The process is “so fun for us,” Flax said. “Eric and I started working together 12 years ago.”

The three groups’ common link comes through choreographer Della Davidson, with whom they all worked or collaborated at some point in her efforts to merge dance and theater, he said.

A faculty member at the University of California-Davis, she died in 2012.

They stayed in touch and are coming back together with the help of two consecutive grants from the Network of Ensemble Theaters to produce “Blessed Unrest.”

“It’s a great exploration. There are 13 performers onstage,” Flax said, including Grottesco members Apollo Garcia, Danielle Reddick and Tara Khozein, all of whom also worked with Kupers in “The Moment of YES!” which had several performances earlier this year.

The subtitle of the new production is “a Showcase of Works-in-Progress,” so don’t expect a polished, finished work.

Eric Kupers performs with his Bandelion dance ensemble, based in Oakland. (Courtesy of Hans Holtan)

Eric Kupers performs with his Bandelion dance ensemble, based in Oakland. (Courtesy of Hans Holtan)

As a matter of fact, Flax said, the whole point is the journey. Audience members will be asked for feedback afterwards, Kupers added.

The title of the piece comes from a quote from modern dance pioneer Martha Graham: “No artist is ever pleased. There is no satisfaction whatever at any time. There is only a queer divine dissatisfaction; a blessed unrest that keeps us marching and makes us more alive than the others.”

The title is apt for the groups’ joint exploration.

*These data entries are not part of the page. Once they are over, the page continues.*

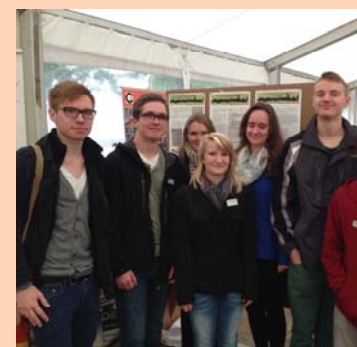
Europaschule Gymnasium Gommern auf dem Landestag

Abiturient vom Kurfürst-Johann-Friedrich-Gymnasium Wolfenbüttel Mitglied Aktionsgruppe „SOZIAL“
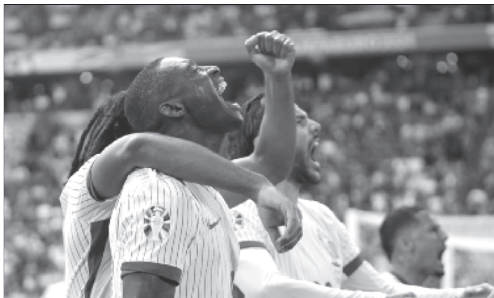
▲ El francés Randal Kolo Muani y sus compañeros celebran el gol con el que eliminaron a Bélgica.

Ese choque representará una revancha de la final de la
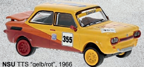
NSU TTS "gelb/rot", 1966 Nr. 28255 18.95 € ▲
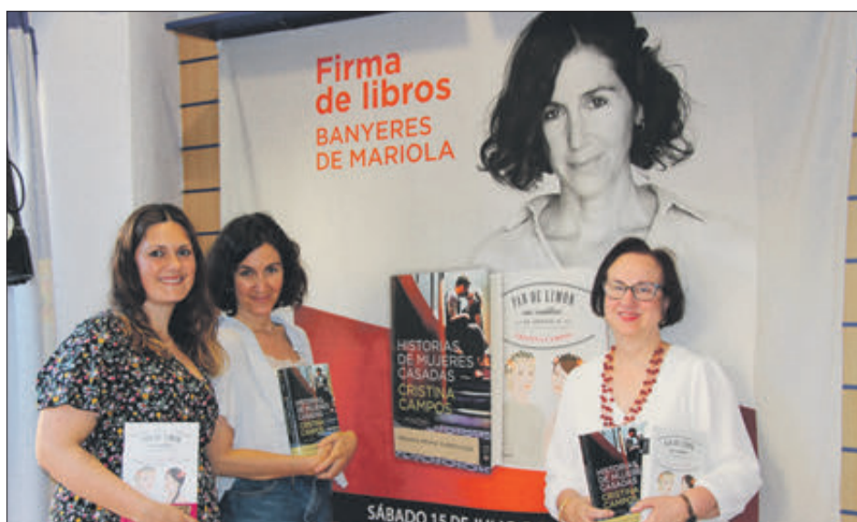
Signatura de llibres en la libreria Món Màgic.
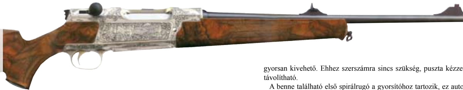
Strasser Modell RS 05
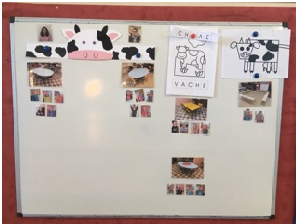
Illustration 2 : Le fonctionnement après évolution

Afin de faire évoluer le fonctionnement des ateliers, j'ai fait le choix d'ajouter des photos :
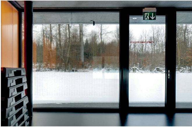
^Vogelschutzscheiben eingesetzt: Sporthalle am Waldrand in Sursee.
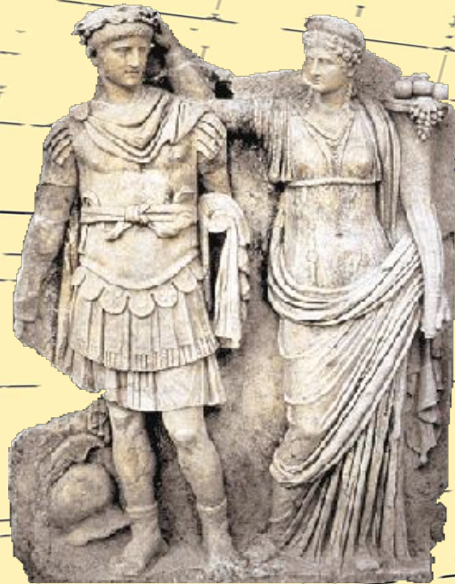
Нерон и Агриппина
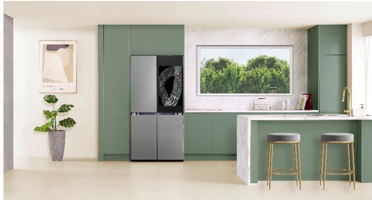
Dapur dengan Bespoke 4-Door Flex™ Refrigerator dengan AI Family Hub™+

Kemudian ada Tap View 6 , yang menawarkan kenyamanan yang lebih baik dengan memungkinkan pengguna untuk mirroring tampilan smartphone Galaxy mereka ke layar Family Hub™+ dengan mudah. Selain itu, pengguna juga dapat menikmati aplikasi YouTube dan TikTok 7 di layar kulkas untuk mendapatkan lebih banyak informasi dan hiburan.
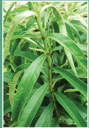
၆၆. ဘီနိုက်ထီးထား
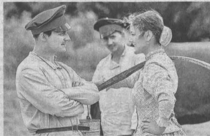
Новый Гришка Мелехов в сериале Тихий Дон (2015)
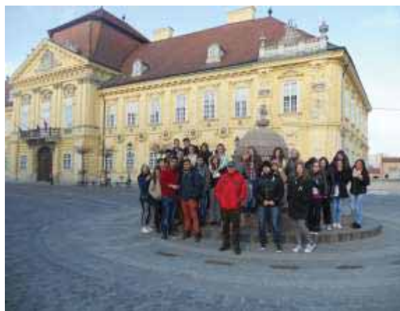
9. és 12. évfolyam: Székesfehérvár

„Elérkezett a várva-várt nap, végre 1 év elteltével részt vehettünk kulturális hétvégén. Mivel ez volt az első alkalom, hogy a 9. és a 12. évfolyam közösen töltött el egy teljes hétvégét, kíváncsian vártuk, hogy működik majd együtt a csapat. Nos, jól vizsgázott a közösség.” (12. évf.)

“She was saying that about dancers,” Kupers said, “but it’s all people. We don’t have any certainty in our lives … . We don’t have the answers.”


A recent encounter with a friend who was passing through town and asked John Flax if they could get together is turning into a treat for the whole community.

Flax said he knew Ronlin Foreman from their time with the Lecoq conservatory in Paris during the 1980s.

When Foreman, who gained renown as a clown, said he was coming through Santa Fe while touring with “Pigeon Show: A Play of Fools,” Flax said colleague Kent Kirkpatrick suggested, “Why not present him while he’s here?”

“We don’t have the budget to do it, but we’re doing it anyway,” Flax said of the single performance that will be staged 7:30 p.m. Tuesday in the intimate space of Teatro Paraguas, 3205 Calle Marie.

When Foreman was hired 13 years ago at Dell’Arte International School of Physical Theatre in California, for which he was director from 2011-15, he stopped performing, Flax said. But now he’s returned to the stage with what he’s calling his walkabout.

“He’s an amazing performer,” Flax said. “Recently, he decided to do an exploration of the relevance of theater … . He’s going around the world and exploring the question deeply: Is there a reason to do this anymore?

“It’s deeply personal. It’s hysterical. It will make you weep … . Come to be moved, because you will be moved.”